[lustre-discuss] High MDS load, but no activity

Thu Jul 27 10:38:19 PDT 2017

Hi Kevin,

On Thu, Jul 27, 2017 at 08:18:04AM -0400, Kevin M. Hildebrand wrote:
>We recently updated to Lustre 2.8 on our cluster, and have started seeing
>some unusal load issues.
>Last night our MDS load climbed to well over 100, and client performance
>dropped to almost zero.
>Initially this appeared to be related to a number of jobs that were doing
>large numbers of opens/closes, but even after killing those jobs, the MDS
>load did not recover.
>
>Looking at stats in /proc/fs/lustre/mdt/scratch-MDT0000/exports showed
>little to no activity on the MDS.  Looking at iostat showed almost no disk
>activity to the MDT (or to any device, for that matter), and minimal IO wait.
>Memory usage (the machine has 128GB) showed over half of that memory free.

sounds like VM spinning to me. check /proc/zoneinfo, /proc/vmstat etc.

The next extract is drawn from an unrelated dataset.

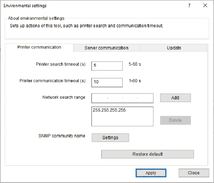 网络搜索范围 | 指定打印机的搜索范围。 |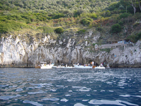 カプリ島の北側・マリーナグランデのフェリーや高速船の船着場の隣の小さな桟橋(といえるのかもビミョ〜)から、係の人が同乗して、少し沖合いまで出てくれます。そして、操縦法を習い、係の人はお迎えのモーターボートで戻ってゆき、いざ出発!! 一般的には、島を反時計回りに周遊するようです。この日は天気はよかったものの、南風が少々強かったせいか、島の南 側が波が高いので、「危ないと思ったらUターンして戻っておいで」ですと!!

do you have zone_reclaim_mode=0? that's an olde, but important to have
set to zero.
 sysctl vm.zone_reclaim_mode

failing that (and assuming you have a 2 or more numa zone server) I
would guess it's all the zone affinity stuff in lustre these days.
you can turn most of it off with a modprobe option
  options libcfs cpu_npartitions=1

what happens by default is that a bunch of lustre threads are bound to
numa zones and preferentially and agressively allocate kernel ram in
those zones. in practice this usually means that the zone where IB card
is physically attached fills up, and then the machine is (essentially)
out of ram and spinning hard trying to reclaim, even though all the ram
in the other zone(s) is almost all unused.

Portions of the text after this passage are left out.